Posted 08 September 2003 - 08:28 AM
I have details of visit duration on our stats package, but a client of ours is asking how long people stay on a site on average? 42% of their visitors are leaving the site within 30 seconds. How does this percentage compare with other people's experiences?
Posted 08 September 2003 - 08:54 AM
Don't know about any stats based on empirical research, but think about your own browsing experience.
You search for something on Google, and are presented with a list of results. Of course it depends on what you're looking for and on the quality of the results, but more than likely you'll start towards the top and click on the links to see if the sites have the information you were after.
If not, you'll leave each site and return to the search results and try another site or refine your search.
30 seconds sounds about right to determine if a site could be offering the information you're searching for. Usually, I'd expect it to be far less that 30 seconds, but it depends on the nature of the site and the search.
I know it's a bit anecdotal, but I hope it helps.
Posted 08 September 2003 - 08:55 AM
Be sure you are breaking out the actual site visitors and any visits from bots. The bot visits may really skew those numbers if they are not filtered out.
Otherwise, an exit rate is something that is hard to determine, as every site has a different dynamic. However, 42% seems high.
My guess is that you have some bot visits mixed in there, otherwise, does your site target a subject that may also be interpreted as something else? Check your referral phrases and make sure they are accurate to your target audience. If everything checks out - the next step is to evaluate your homepage.
Posted 08 September 2003 - 10:57 AM
That's where the visitor either gave up on your site or found what he or she needed - it's one of the closest things you can get to a "customer satisfaction" statistic without actually having polls and other more complicated measurment tools.
Is the main exit page your splash page? That's a big problem. Take a look at it - does it have clear links to the inside that bots can follow? Does it load too slow? is it spammy? does it clearly tell visitors what the site is about?

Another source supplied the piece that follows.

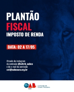 A Comissão de Direito Tributário da Ordem dos Advogados do Brasil – Secção Ceará (OAB-CE) dá orientações e tira dúvidas sobre a declaração do Imposto de Renda Pessoa Física 2025 até o próximo dia 17 de maio. O Plantão Fiscal está disponível pelo e-mail cet@oabceara.org.br e pelo Instagram da Comissão (@cdtrib_oabce).

If the order page is your main exit page, then you compare that to your actual sales - the difference is often a strong measurement of your ability to close the sale. Are your prices too high? Are you asking someone to "buy" without telling them the price? Is your shopping cart unclear?
If the main exit page is your thank you page, then congrats!
You can combine the exit page stats with most of the other stats to follow the visitor through your site, and you can pick up a LOT of great information!